# [Aim of the task]
Stop at the line containing "Для создания нового": repeat exactly every line of the entries below from the first up to it, plus that line, with pictures omitted.

*** Task data Section Begins ***

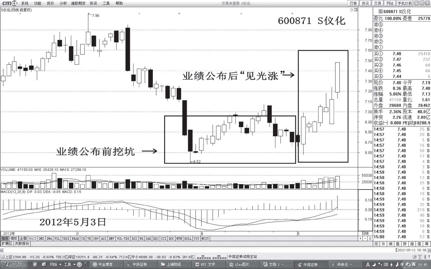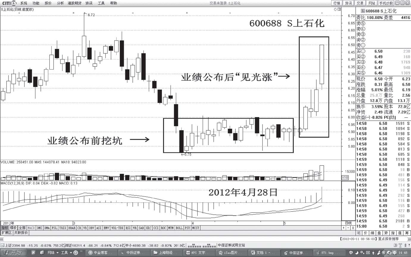出现“见光涨”的原因是主力通过内幕消息提前得知公司业绩情况,通过刻意砸盘、打压,挖出黄金坑,等待业绩公之于众便逆势拉升完成“虚晃一枪”;若是大幅亏损或者由盈转亏,那么股价通过前期的大幅回落实际上已经充分消化了利空影响,等待业绩利空公告反而形成“利空落地是利好”的效应。如果是由亏转盈或者大幅预增、大幅盈利,那么主力往往反其道而行之,制造反向挖坑打压股价,逢低吸纳廉价筹码,等待业绩公布于世,便是快速进攻的开始。
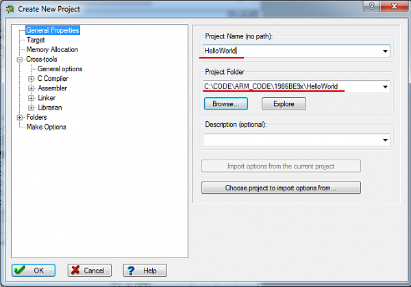 Для создания нового проекта нужно перейти в вкладку Project→New. В открывшемся окне в разделе General Properties необходимо указать Project Name и Project Folder.
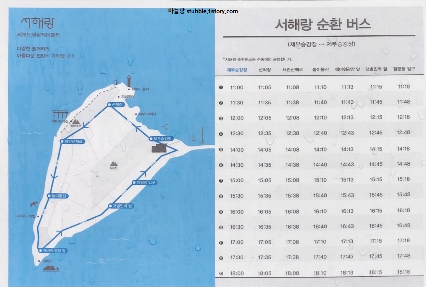 전곡항에서 케이블카를 타고 제부도에 넘어오면, 차도 전곡항에 있고, 제부도 케이블카 승강장 주변에는 놀거리나 재미있는 것이 없어서 거의 대부분은 제부도 서해랑 건물에만 남아있다가 다시 전곡항으로 케이블카를 타고 돌아가게 되는데요. 만약 시간이 되어 평일에 케이블카를 타고 이곳에 온다면, 건물 밖에 나와서 순환버스를 타고 제부도 해안가를 따라서 한 바퀴 돌아보는 것도 괜찮은 일정인 것 같아요. 위에 나와 있듯이 케이블카 탑승권을 가지고 있으면 무료이므로 부담도 되지 않겠죠.
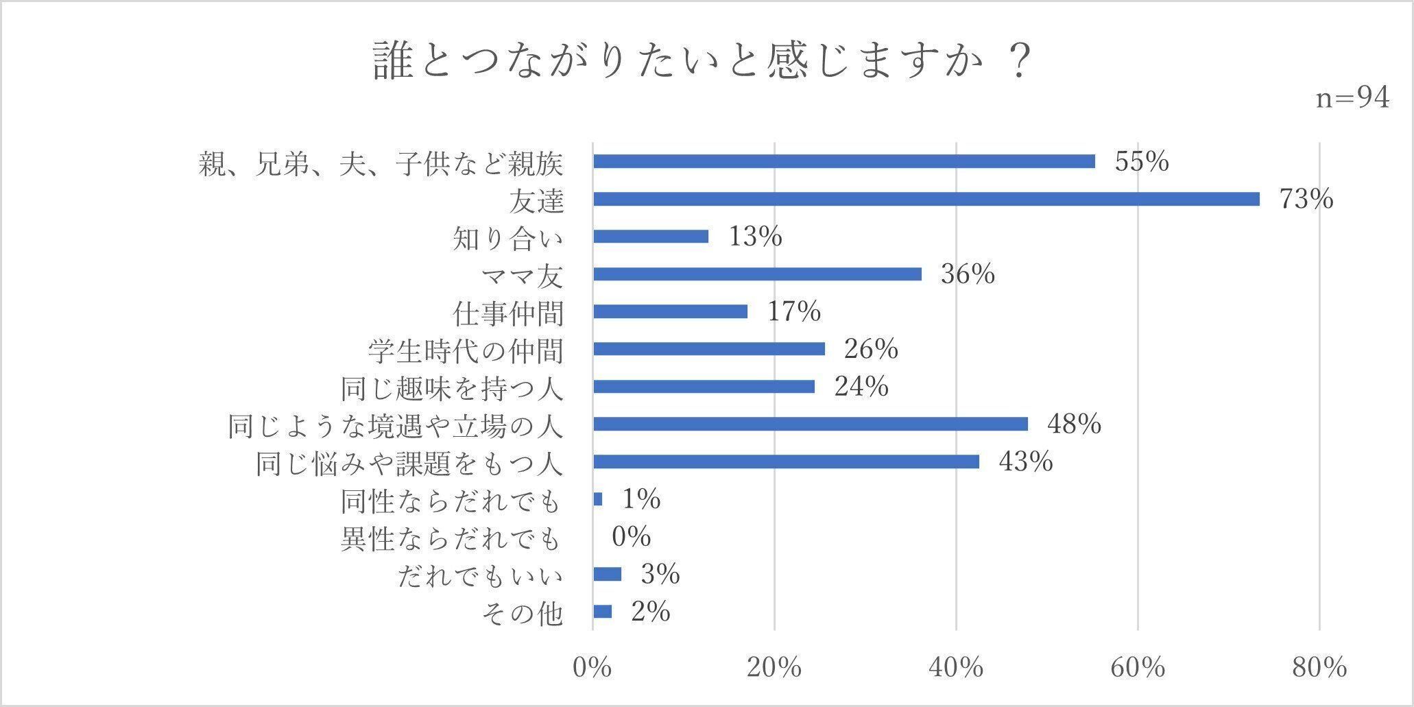 また、子育てだけでなく、仕事や人間関係の悩みや喜怒哀楽を誰かと分かち合いたいという回答も多く見られました。コロナ禍で気軽に呼び出して会えない現状がさらに孤独を深めているようです。
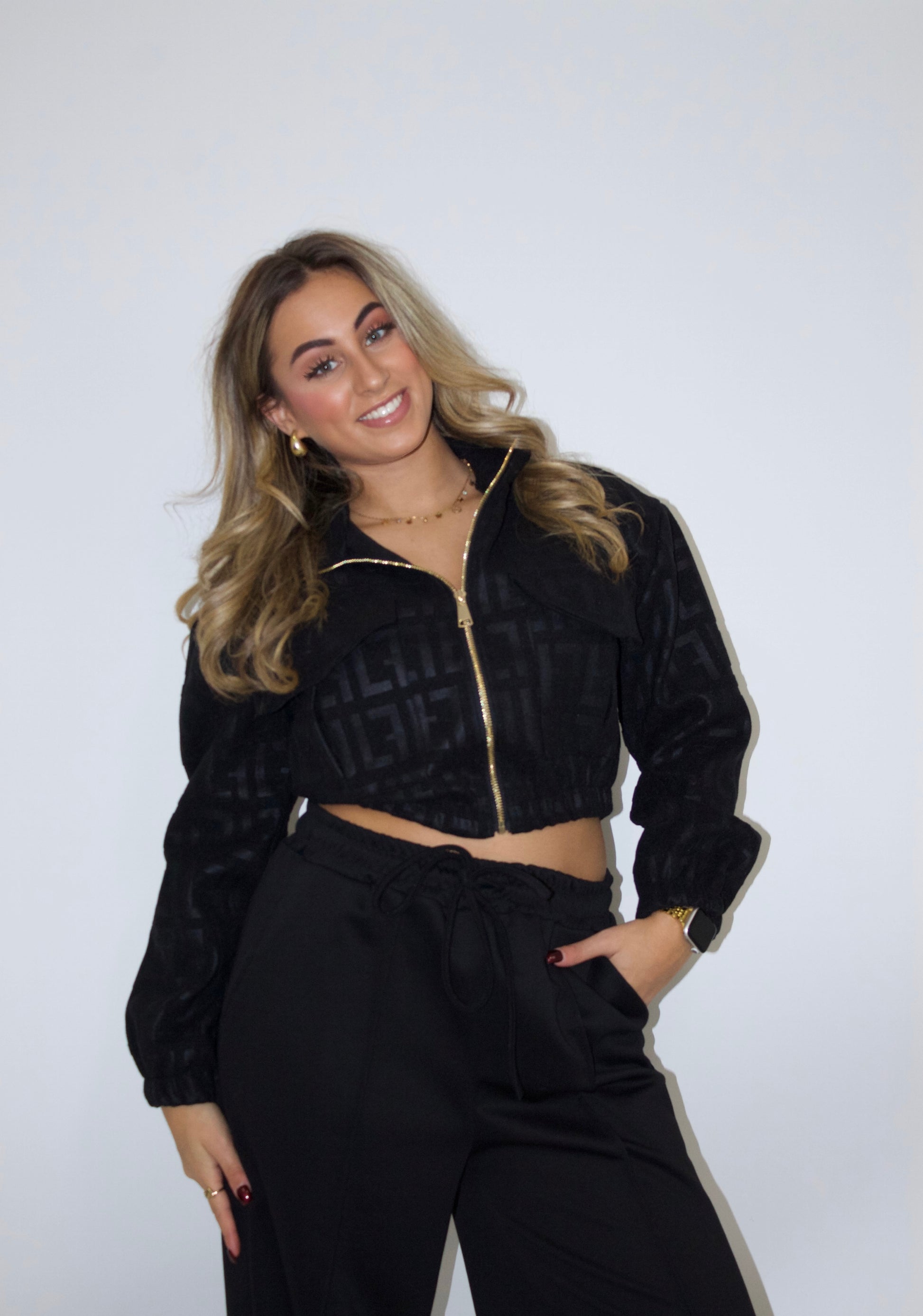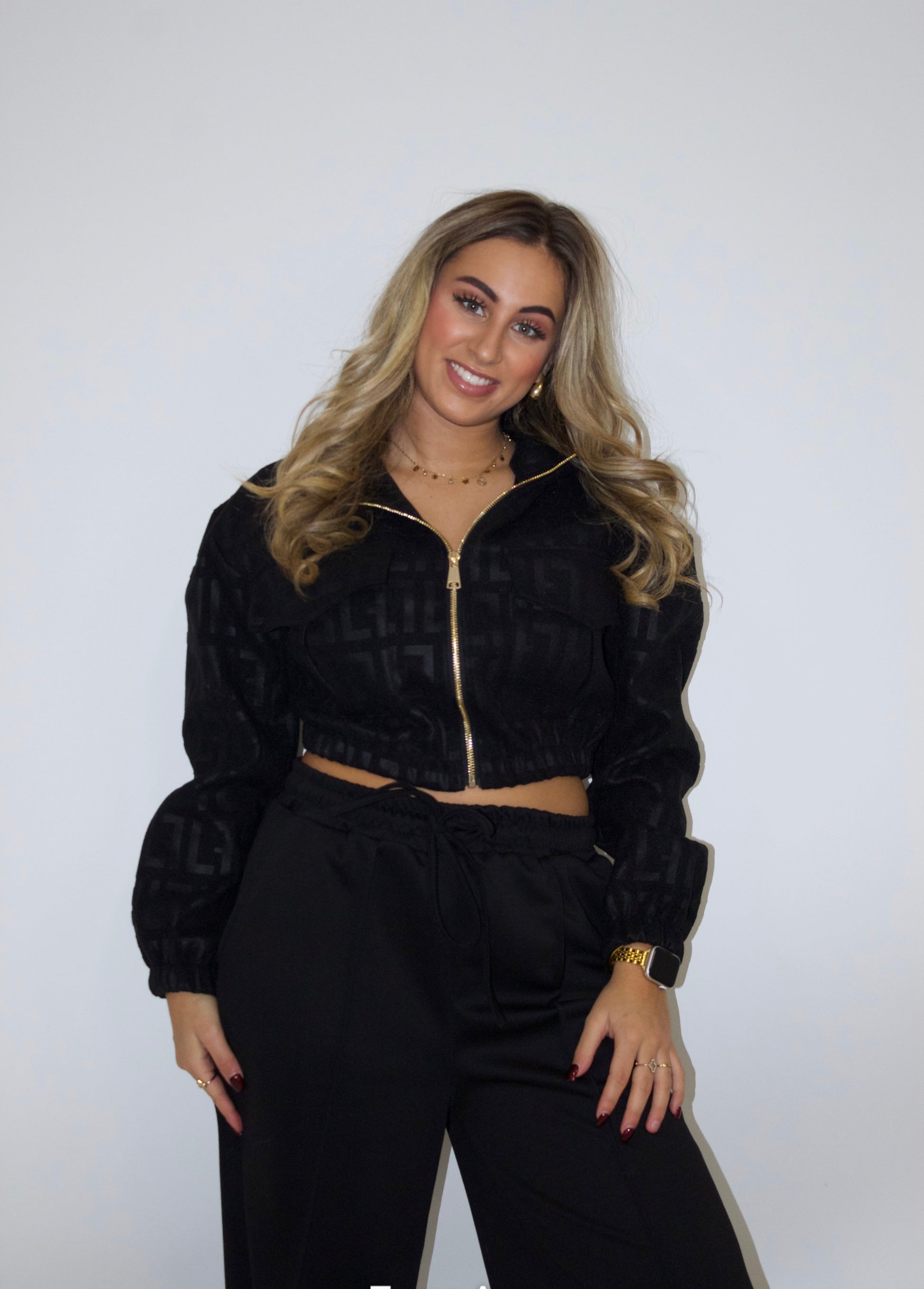 Het jasje is in de kleur zwart met een goude rits en een patroontje erin! Het is nu voor het tussen seizoen een heerlijk jasje! Leuk te combineren met een zwarte pantalon of jeans.

*** Task data Section Ends ***

# [Solution for this task]
出现“见光涨”的原因是主力通过内幕消息提前得知公司业绩情况,通过刻意砸盘、打压,挖出黄金坑,等待业绩公之于众便逆势拉升完成“虚晃一枪”;若是大幅亏损或者由盈转亏,那么股价通过前期的大幅回落实际上已经充分消化了利空影响,等待业绩利空公告反而形成“利空落地是利好”的效应。如果是由亏转盈或者大幅预增、大幅盈利,那么主力往往反其道而行之,制造反向挖坑打压股价,逢低吸纳廉价筹码,等待业绩公布于世,便是快速进攻的开始。
 Для создания нового проекта нужно перейти в вкладку Project→New. В открывшемся окне в разделе General Properties необходимо указать Project Name и Project Folder.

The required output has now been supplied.